Samuel Robert Hain (born 16 July 1995 in Hong Kong) is an English cricketer who plays for Warwickshire County Cricket Club. He is a right-handed batsman who bowls right-arm off spin. He made his debut for the county in the 2013 Yorkshire Bank 40 against Worcestershire.

Early life and youth career 
Hain was born in Hong Kong to two British parents. His family settled on Australia's Gold Coast when Hain was three years of age and there he began playing cricket for the Mudgeeraba-Nerang Cricket Club. He was raised in the Australian beachside city until the age of 14 when he relocated to Scotland on an exchange program with the Loretto School in Edinburgh. He was fast-tracked into Australian Under-19 cricket side as a 16-year-old but his life was changed forever when, as a Loretto School student, he was spotted by former Warwickshire captain Michael Powell, who was coaching there. He returned to the Gold Coast for Year Twelve education where he completed his schooling at The Southport School.

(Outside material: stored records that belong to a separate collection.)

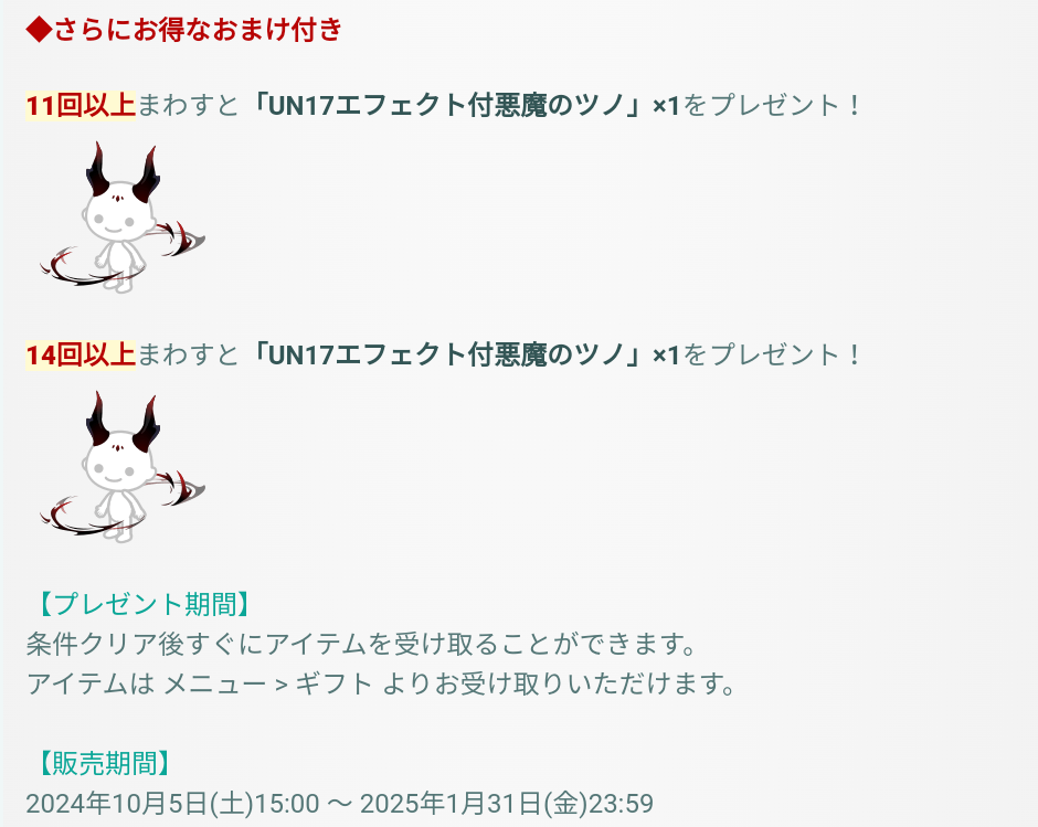 おまけ内容ではさらに鬼畜な設定として初回の連ガチャではもらえない11回(連ガチャは6連のため)と14回で貰えるけど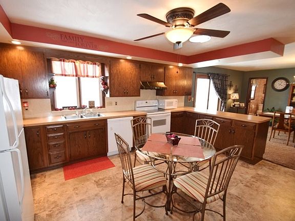 NOW AVAILABLE! Lovely large 1 story home located on over 1 acre! This home has seen many updates that include: updated gas boiler, A/C, flooring, hardwood floors, sump pump, plus siding! Huge kitchen with room for eat in space or future island! Tons of cabinetry in the kitchen and open to the formal dining space! Family room with wood burning fireplace & hardwood floor! Main floor laundry/mud room with vanity & sink. 2nd service stairway to the basement is located off the mudroom. Nicely updated hall bath plus Master on-suite! Full basement with unfinished rec space & canning room. Potential 4th bedroom or den space in the lower level. OVERSIZED 1 car attached garage with storage space plus detached garage/workshop! Outdoor space also features large deck, pergola, grape arbor, lots of yard space, swing set, & great front porch for just relaxing! Ideal location gives you that country feel yet close to town!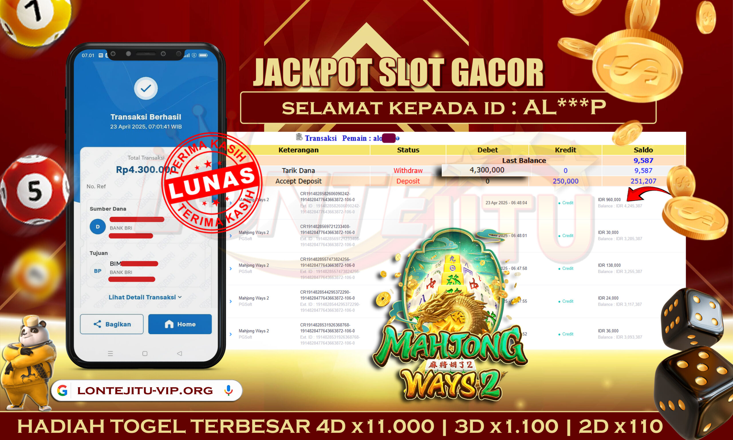 Bukti JP SLOT MAHJONG WAYS 2 – Kami mengucapkan selamat kepada bossku Username ID AL***P atas kemenangan di permainan SLOT MAHJONG WAYS 2 dengan total kemenangan sebesar Rp.4,300.000,00,- Kemenangan ini yang pastinya sudah dibayar LUNAS sesuai dengan bukti ya bossku. Lontejitu nih boss, berapapun kemenangan anda akan tetap kami bayar sampai tuntas ya boss.
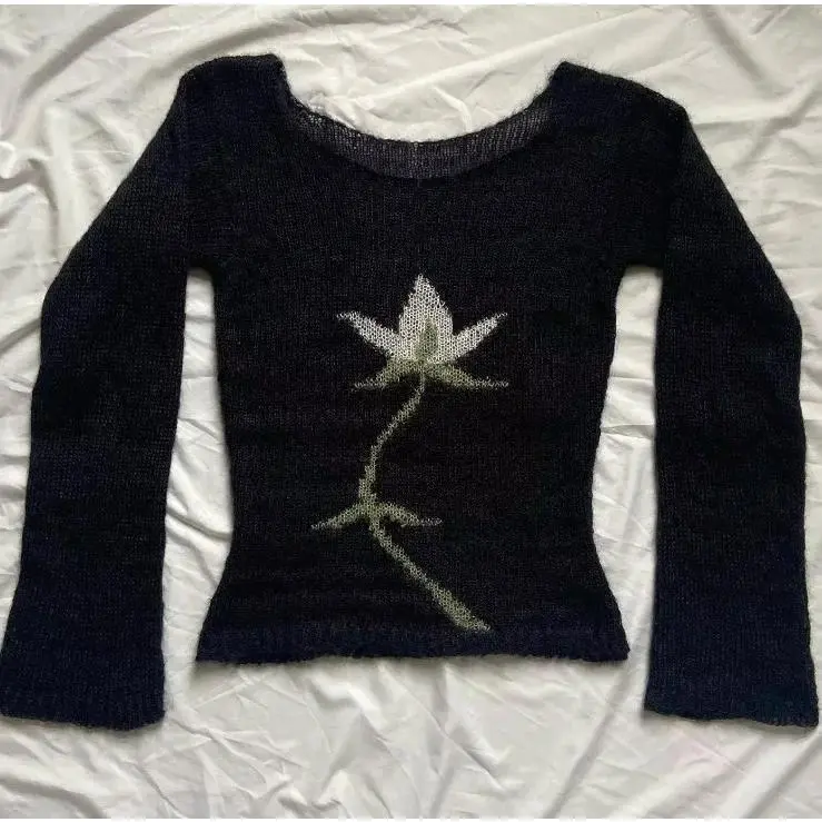Knitted Embroidered Bear Heavy Craft Woven Flower Round Neck Long Sleeve Pullover Loose Fit Halloween Women's Graphic Knit Sweatshirt with Hood Scoop Neck Lace Crop Camisole Sleeveless Solid Crew Neck Crop Top lady clothes hoodie white Knitwear Womenswear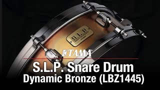 This S.L.P. Dynamic Bronze snare drum features an eye-catching aged patina finish. With a shallow 4.5" depth and 1.2mm thick shell, the bronze shell delivers a solid crack with die-cast hoops adding sharpness and attack. With all the sensitivity that is typical of a shallow shell, a variety of sounds can be produced. The Bronze shell is finished in a special aged patina finish that reveals unique character to the shell; no two shells are exactly the same.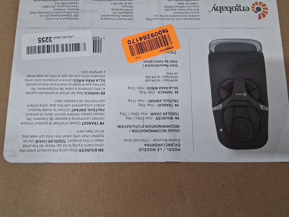 ERGOBABY EVOLVE 3-IN-1 ADJUSTABLE BOUNCER FOR NEWBORNS TO TODDLERS UP TO 20LBS - CHARCOAL GREY - (MODEL: EVLBNCCHRGRYNA)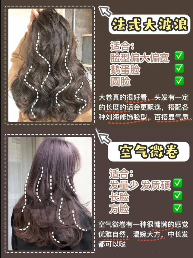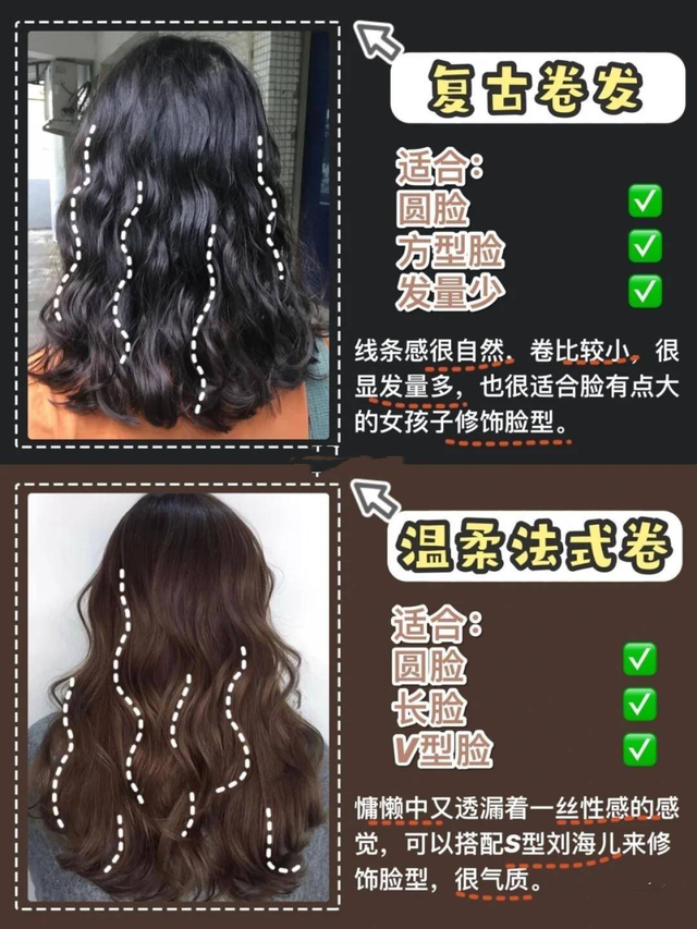 推荐脸颊两侧型的卷发。①避免厚厚直直的刘海,避免黑长直发型;②头顶不要太蓬松,可以考虑打造脸颊两侧的蓬松度,以达成视觉上的平衡;③推荐带有自然弧度的空气刘海。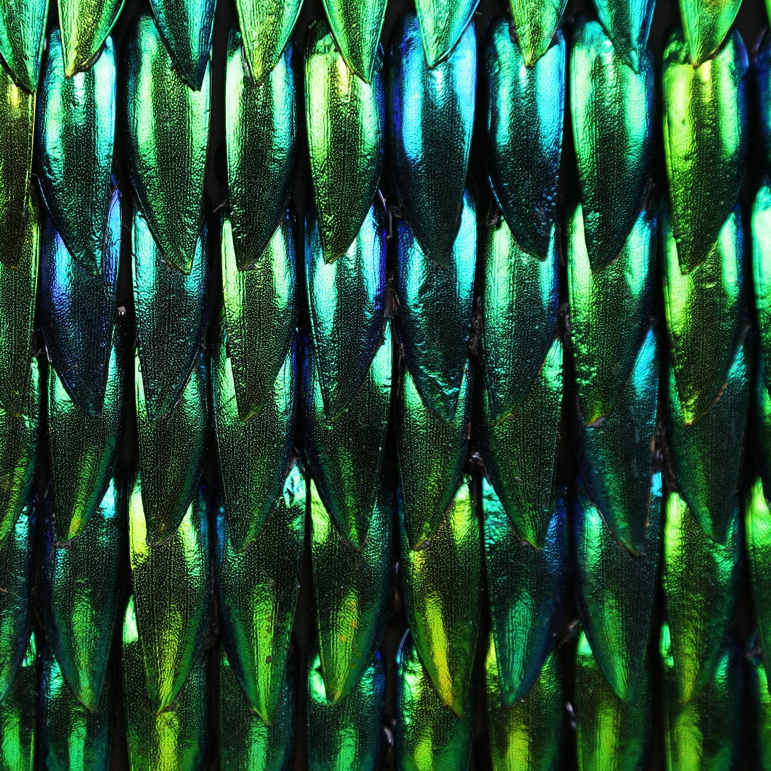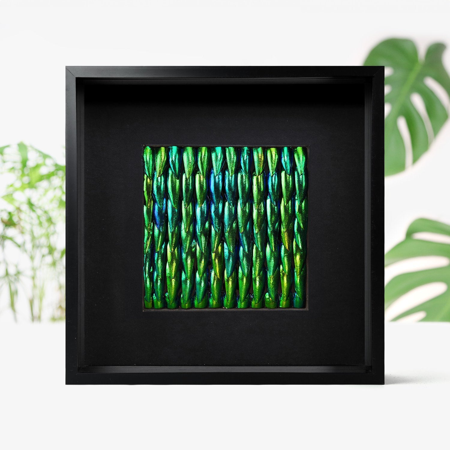 This Elytra Beetle Wing Mosaic has been hand set by our expert entomologists in our studio and elegantly mounted in a museum quality deep box frame.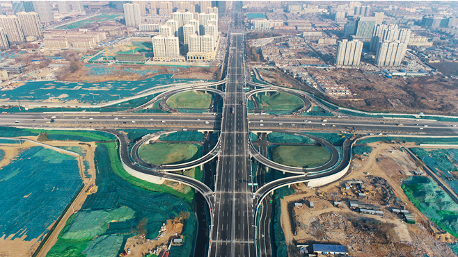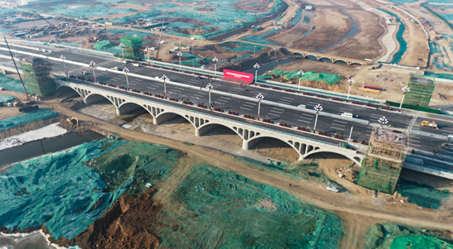 泰安市迎胜路南延改造工程是泰安市2020年十大实事之一,作为泰安市的首条城市快速路,路线全长约5.7千米,采用高架桥与地面工程相结合的建设方案。全线设主线高架桥(约3千米)横跨泮河、泮河大街、万官大街、岱阳大街,北起灵山大街,南至泰安南收费站。这一贯通泰安南北的黄金通道,极大盘活了泰安中心城区与青兰高速交通网,有效满足居民交通需求,为泰安区域经济发展再添交通大动脉。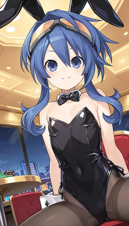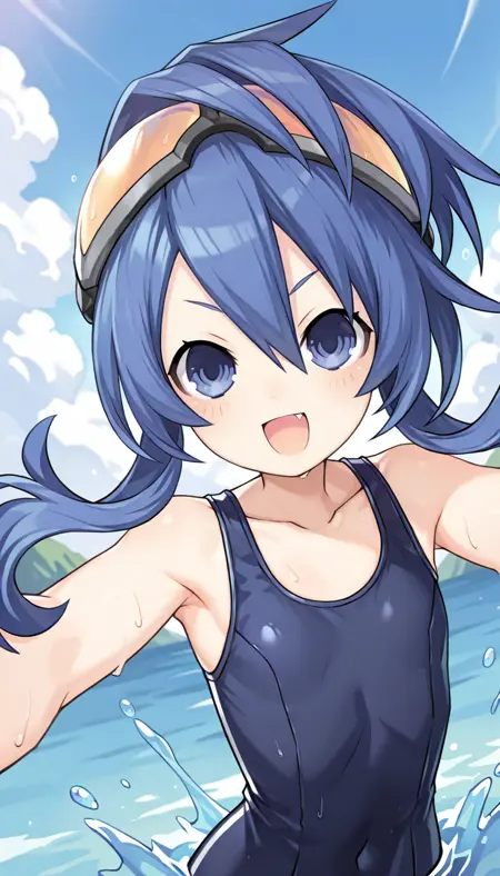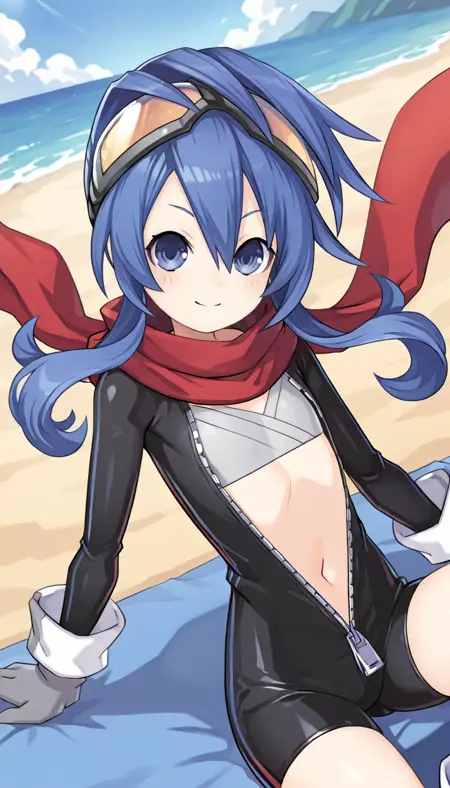 外見: ニサ \(neptunia)\、青い髪、青い目、長い前髪のある短髪、頭にゴーグル、髪がゴーグルを覆う、平らな胸、若い女の子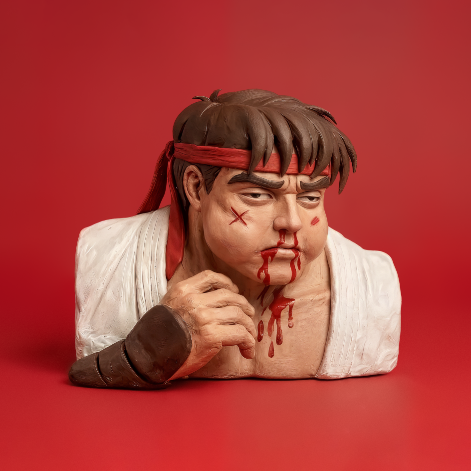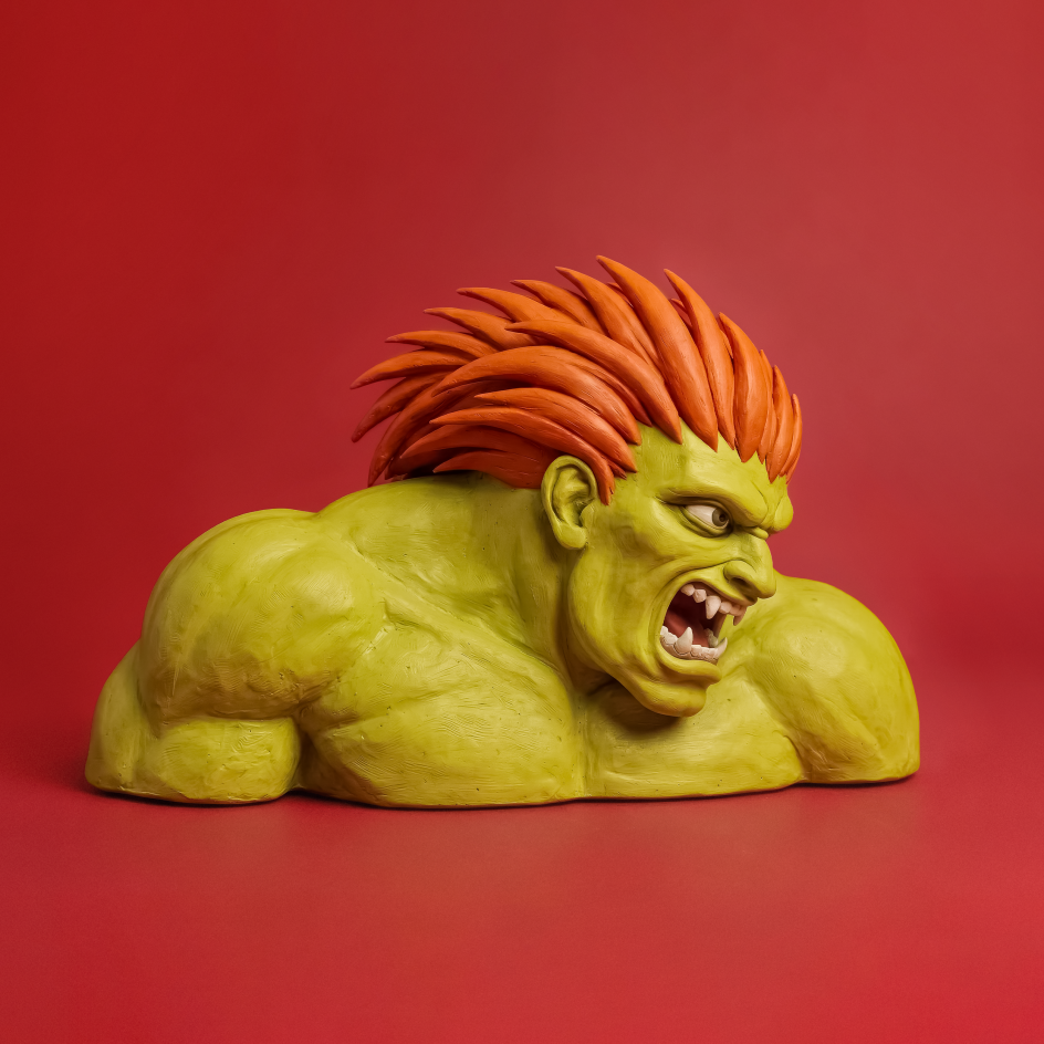 I'll be honest with you. The moment I saw these sculptures, I let out an involuntary noise. Something between a gasp and a chuckle. Because there, rendered in three dimensions, was a face I hadn't thought about in years. Battered, swollen-eyed, defeated. Those old pals of mine – Ryu, Guile and, of course, dear Blanka. Their losing portraits from Street Fighter II, brought back to life in physical form.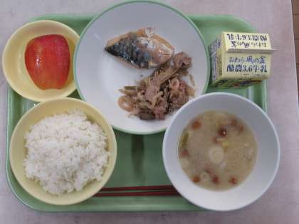 ごはん 鯖の塩焼き 茎わかめのキンピラ なめこの味噌汁 りんご 牛乳

Hain was sent for trials at Warwickshire where former England all-rounder Rikki Clarke rated his new colleague's batting in the nets as the best he had ever seen. Hain made his debut for the club's 2nd XI that year and impressed sufficiently to win Warwickshire's most promising young player award. He continued his progress by topping the county's Championship batting averages - for regular players, at least - in 2015.

In April 2022, he was bought by the Welsh Fire for the 2022 season of The Hundred.

Domestic career 
Hain is regarded as an excellent prospect for English cricket and known as a 360-degree hitter for having highest batting average than anyone to have played 50 innings or more in limited overs cricket.

He broke into the Australia U19 squad aged just 16, and played for Australia in the 2012 ICC Under-19 Cricket World Cup as the team finished runners-up. In March 2013, Hain committed himself to England and agreed a contract with Warwickshire.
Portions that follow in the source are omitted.